EXERCISE INSTRUCTIONS: Repeat only these lines, exactly: the first line of the data, the line containing "打开地址跳转到移动APP->", and every line between them. Pictures stay out.

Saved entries
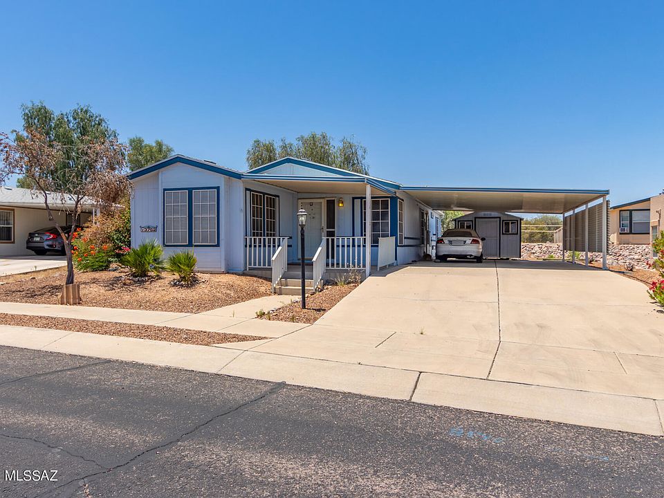 BREATHTAKING MOUNTAIN VIEWS! Charming manufactured home in the desirable Lincoln Terrace Community. Enter to discover the welcoming living room with neutral palette, vaulted ceilings, trending wood-look floors, and abundant natural light. The fully equipped kitchen offers ample cabinetry w/crown molding, tile counters, and a breakfast bar. The primary bedroom showcases plush carpet, a sizable closet, and a private en-suite w/dual sinks. This property also features a huge carport space and a storage shed. You don't want to miss this value.
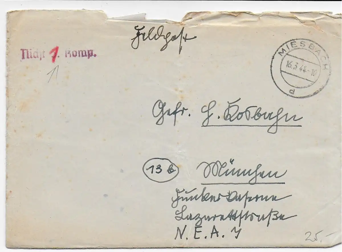 Feldpost: Brief aus Miesbach 1944 nach München - Funker Kaserne
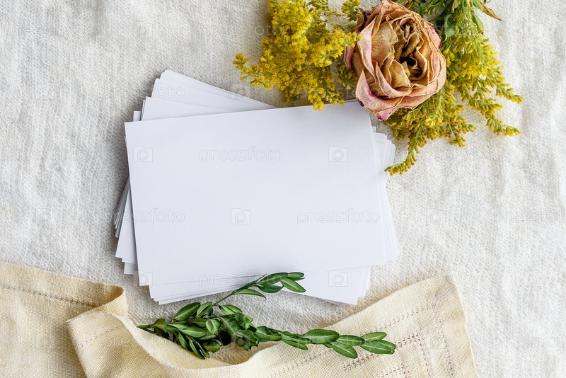 Модный женский фон на белой ткани - цветы и пустая открытка. Свадебный женский фон. Заготовка для открытки
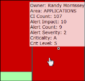 The mouse-over functionality provides additional detailed data in an over imposed pop-up window when you mouse-over a heatmap. The following figure illustrates mouse-over functionality in a heatmap object. In this example, when you mouse-over a host, details are shown such as CI Count, Alert Impact, Alert Severity, and Criticality.
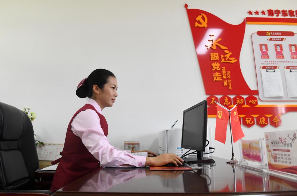 在廣西交通投資集團(tuán)南寧高速公路運(yùn)營(yíng)有限公司南寧東收費(fèi)站辦公室,農(nóng)鳳娟正在辦公(8月6日攝)。新華社記者陸波岸攝
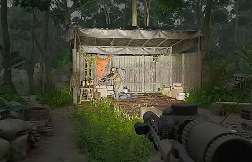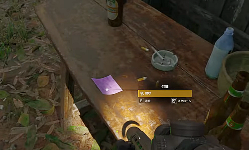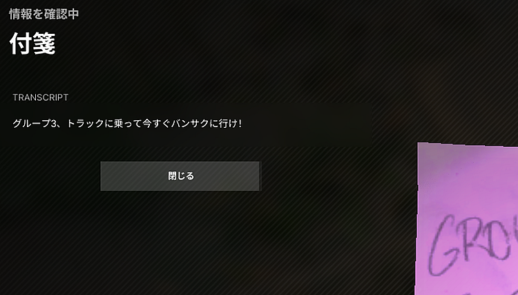 1.「バン・ノーン」の中央あたり、建物の正面の小屋の机に貼ってある付箋を調べる。
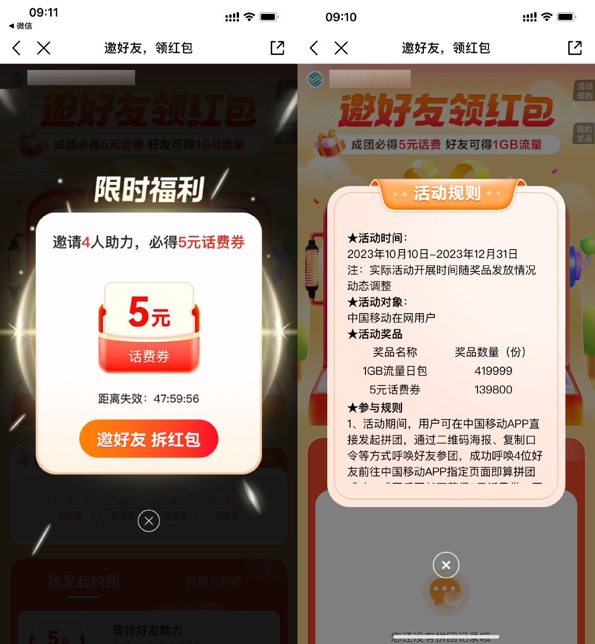 打开地址跳转到移动APP->开团邀请4个好友助力得5元话费券,最多可开团5次共25元话费(助力者必得1GB日包流量)
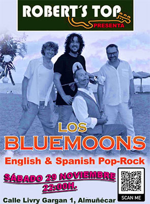 ALMUÑÉCAR – In bar/restaurant Robert’s Top in Almuñécar staat zaterdagavond 29 november een optreden geprogrammeerd van de formatie Los BlueMoons. Het optreden begint rond 22.00 uur en duurt tot circa middernacht.

SOLUTION FOR THIS TASK:
 BREATHTAKING MOUNTAIN VIEWS! Charming manufactured home in the desirable Lincoln Terrace Community. Enter to discover the welcoming living room with neutral palette, vaulted ceilings, trending wood-look floors, and abundant natural light. The fully equipped kitchen offers ample cabinetry w/crown molding, tile counters, and a breakfast bar. The primary bedroom showcases plush carpet, a sizable closet, and a private en-suite w/dual sinks. This property also features a huge carport space and a storage shed. You don't want to miss this value.
 Feldpost: Brief aus Miesbach 1944 nach München - Funker Kaserne
 Модный женский фон на белой ткани - цветы и пустая открытка. Свадебный женский фон. Заготовка для открытки
 The mouse-over functionality provides additional detailed data in an over imposed pop-up window when you mouse-over a heatmap. The following figure illustrates mouse-over functionality in a heatmap object. In this example, when you mouse-over a host, details are shown such as CI Count, Alert Impact, Alert Severity, and Criticality.
 在廣西交通投資集團(tuán)南寧高速公路運(yùn)營(yíng)有限公司南寧東收費(fèi)站辦公室,農(nóng)鳳娟正在辦公(8月6日攝)。新華社記者陸波岸攝
 1.「バン・ノーン」の中央あたり、建物の正面の小屋の机に貼ってある付箋を調べる。
 打开地址跳转到移动APP->开团邀请4个好友助力得5元话费券,最多可开团5次共25元话费(助力者必得1GB日包流量)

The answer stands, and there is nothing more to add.